[WHAT THE TASK ASKS]
For this listing, the lines between the one holding "The owners also" and the one holding "Bagi saya, A", inclusive, must be set down exactly.

[SUPPLIED INFORMATION]
◇ ◇ ◇ ◇ ◇

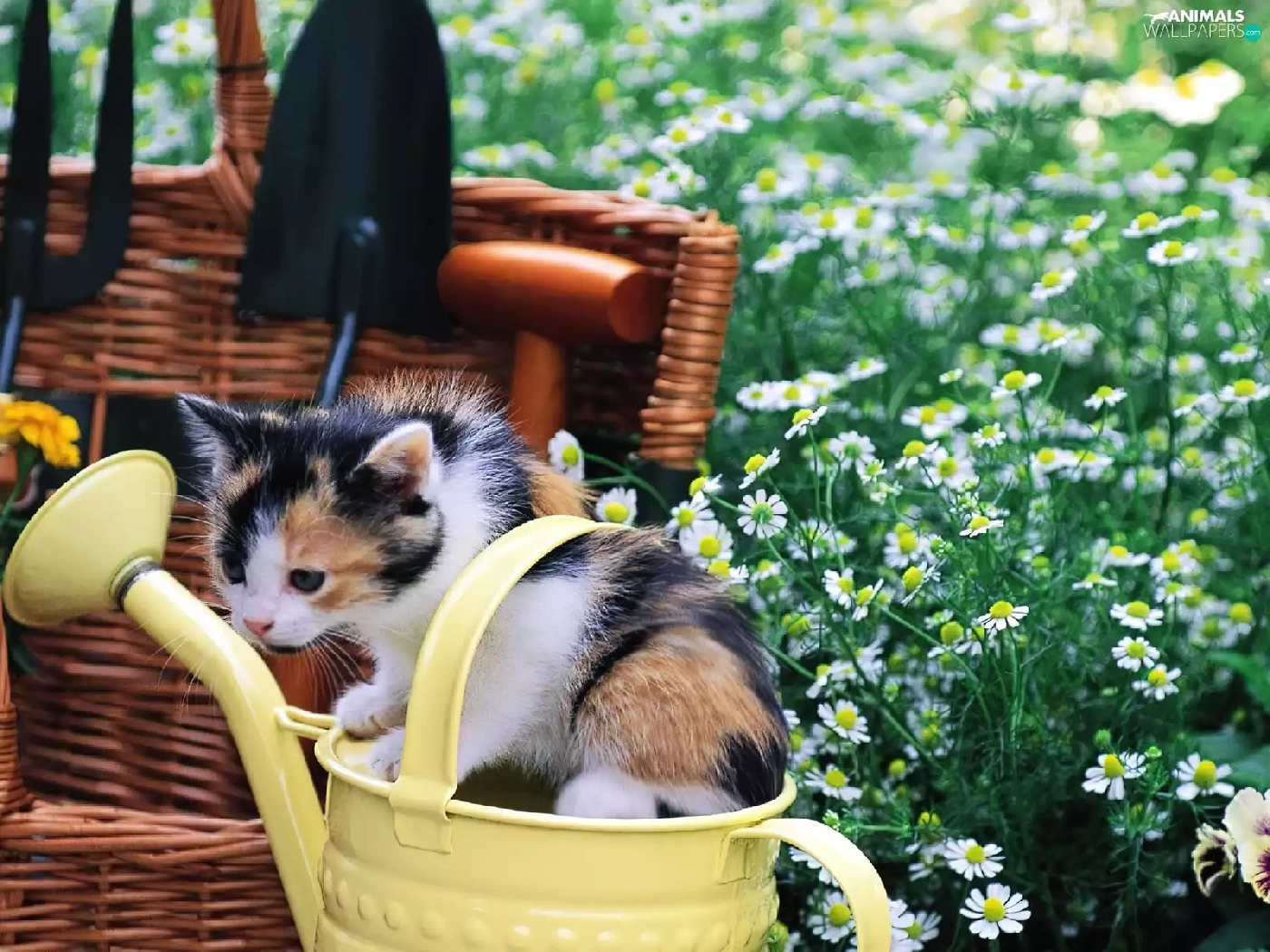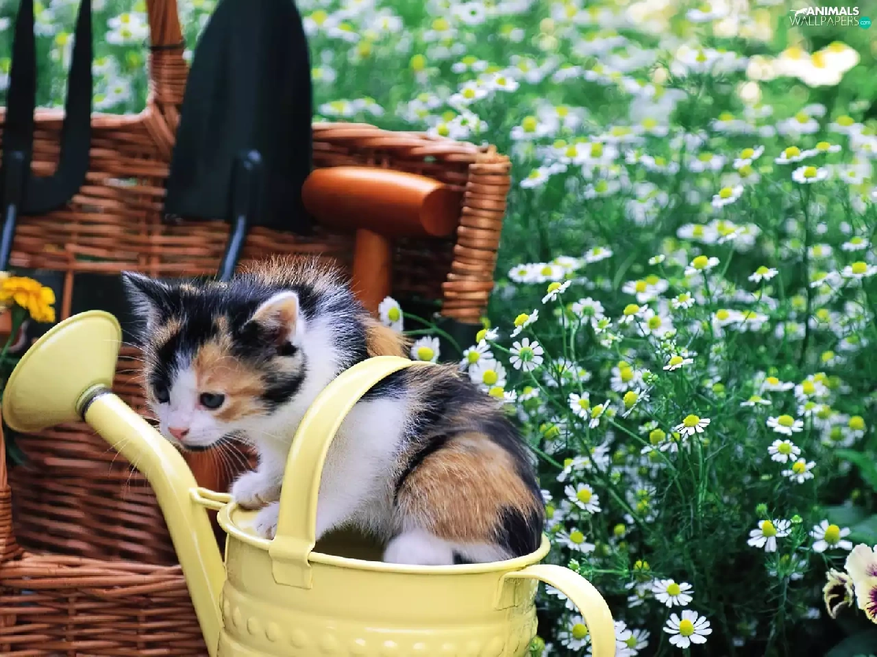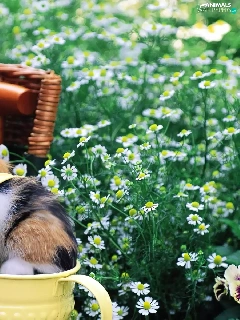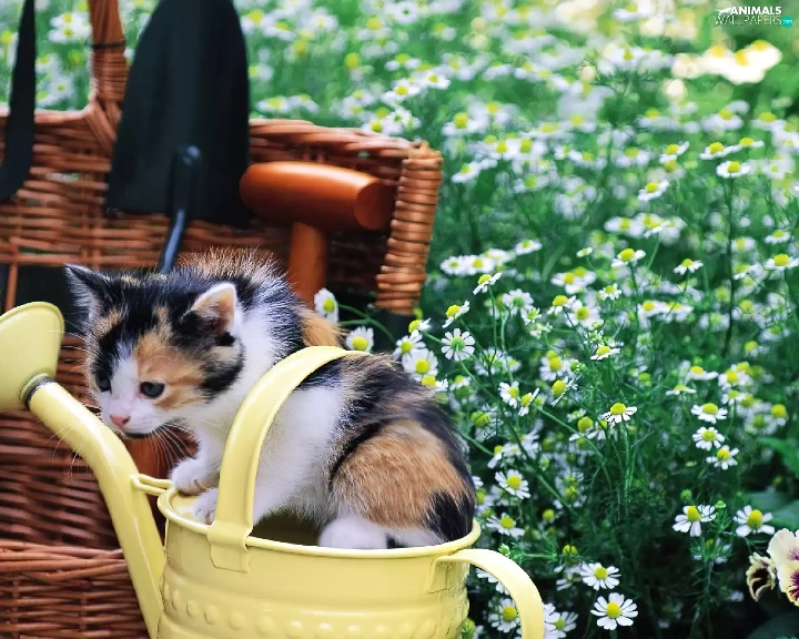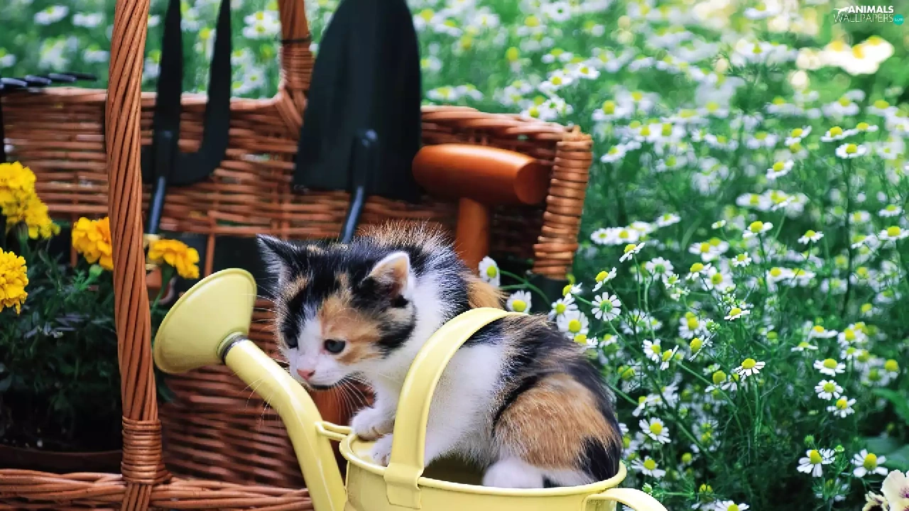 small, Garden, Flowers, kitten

◇ ◇ ◇ ◇ ◇

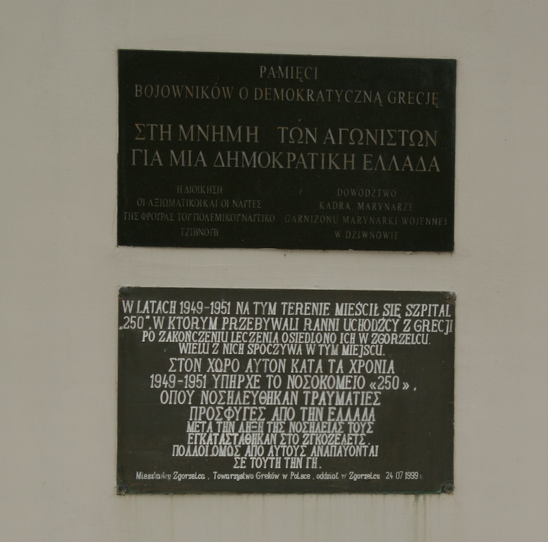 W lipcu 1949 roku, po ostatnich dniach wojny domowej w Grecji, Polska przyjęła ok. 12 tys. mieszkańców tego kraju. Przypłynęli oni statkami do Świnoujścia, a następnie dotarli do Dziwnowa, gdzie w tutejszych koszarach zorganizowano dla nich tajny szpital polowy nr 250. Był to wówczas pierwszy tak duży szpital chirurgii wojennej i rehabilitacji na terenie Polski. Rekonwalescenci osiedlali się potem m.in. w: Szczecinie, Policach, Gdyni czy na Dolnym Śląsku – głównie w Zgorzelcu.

◇ ◇ ◇ ◇ ◇

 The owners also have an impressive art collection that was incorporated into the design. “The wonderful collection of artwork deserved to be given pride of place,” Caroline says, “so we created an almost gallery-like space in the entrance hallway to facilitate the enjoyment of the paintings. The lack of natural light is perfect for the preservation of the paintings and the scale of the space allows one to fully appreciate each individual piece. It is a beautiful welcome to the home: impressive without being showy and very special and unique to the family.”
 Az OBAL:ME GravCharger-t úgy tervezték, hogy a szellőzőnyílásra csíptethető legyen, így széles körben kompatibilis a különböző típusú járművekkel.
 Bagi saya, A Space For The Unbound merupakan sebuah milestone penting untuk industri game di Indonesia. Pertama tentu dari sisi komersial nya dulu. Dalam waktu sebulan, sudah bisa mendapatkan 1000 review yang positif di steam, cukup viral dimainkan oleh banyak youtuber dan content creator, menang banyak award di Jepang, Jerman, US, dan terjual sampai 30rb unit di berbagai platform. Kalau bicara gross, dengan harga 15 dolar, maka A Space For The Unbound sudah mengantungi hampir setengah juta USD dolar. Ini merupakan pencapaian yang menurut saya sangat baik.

◇ ◇ ◇ ◇ ◇

[ANSWER FOR THIS EXERCISE]
 The owners also have an impressive art collection that was incorporated into the design. “The wonderful collection of artwork deserved to be given pride of place,” Caroline says, “so we created an almost gallery-like space in the entrance hallway to facilitate the enjoyment of the paintings. The lack of natural light is perfect for the preservation of the paintings and the scale of the space allows one to fully appreciate each individual piece. It is a beautiful welcome to the home: impressive without being showy and very special and unique to the family.”
 Az OBAL:ME GravCharger-t úgy tervezték, hogy a szellőzőnyílásra csíptethető legyen, így széles körben kompatibilis a különböző típusú járművekkel.
 Bagi saya, A Space For The Unbound merupakan sebuah milestone penting untuk industri game di Indonesia. Pertama tentu dari sisi komersial nya dulu. Dalam waktu sebulan, sudah bisa mendapatkan 1000 review yang positif di steam, cukup viral dimainkan oleh banyak youtuber dan content creator, menang banyak award di Jepang, Jerman, US, dan terjual sampai 30rb unit di berbagai platform. Kalau bicara gross, dengan harga 15 dolar, maka A Space For The Unbound sudah mengantungi hampir setengah juta USD dolar. Ini merupakan pencapaian yang menurut saya sangat baik.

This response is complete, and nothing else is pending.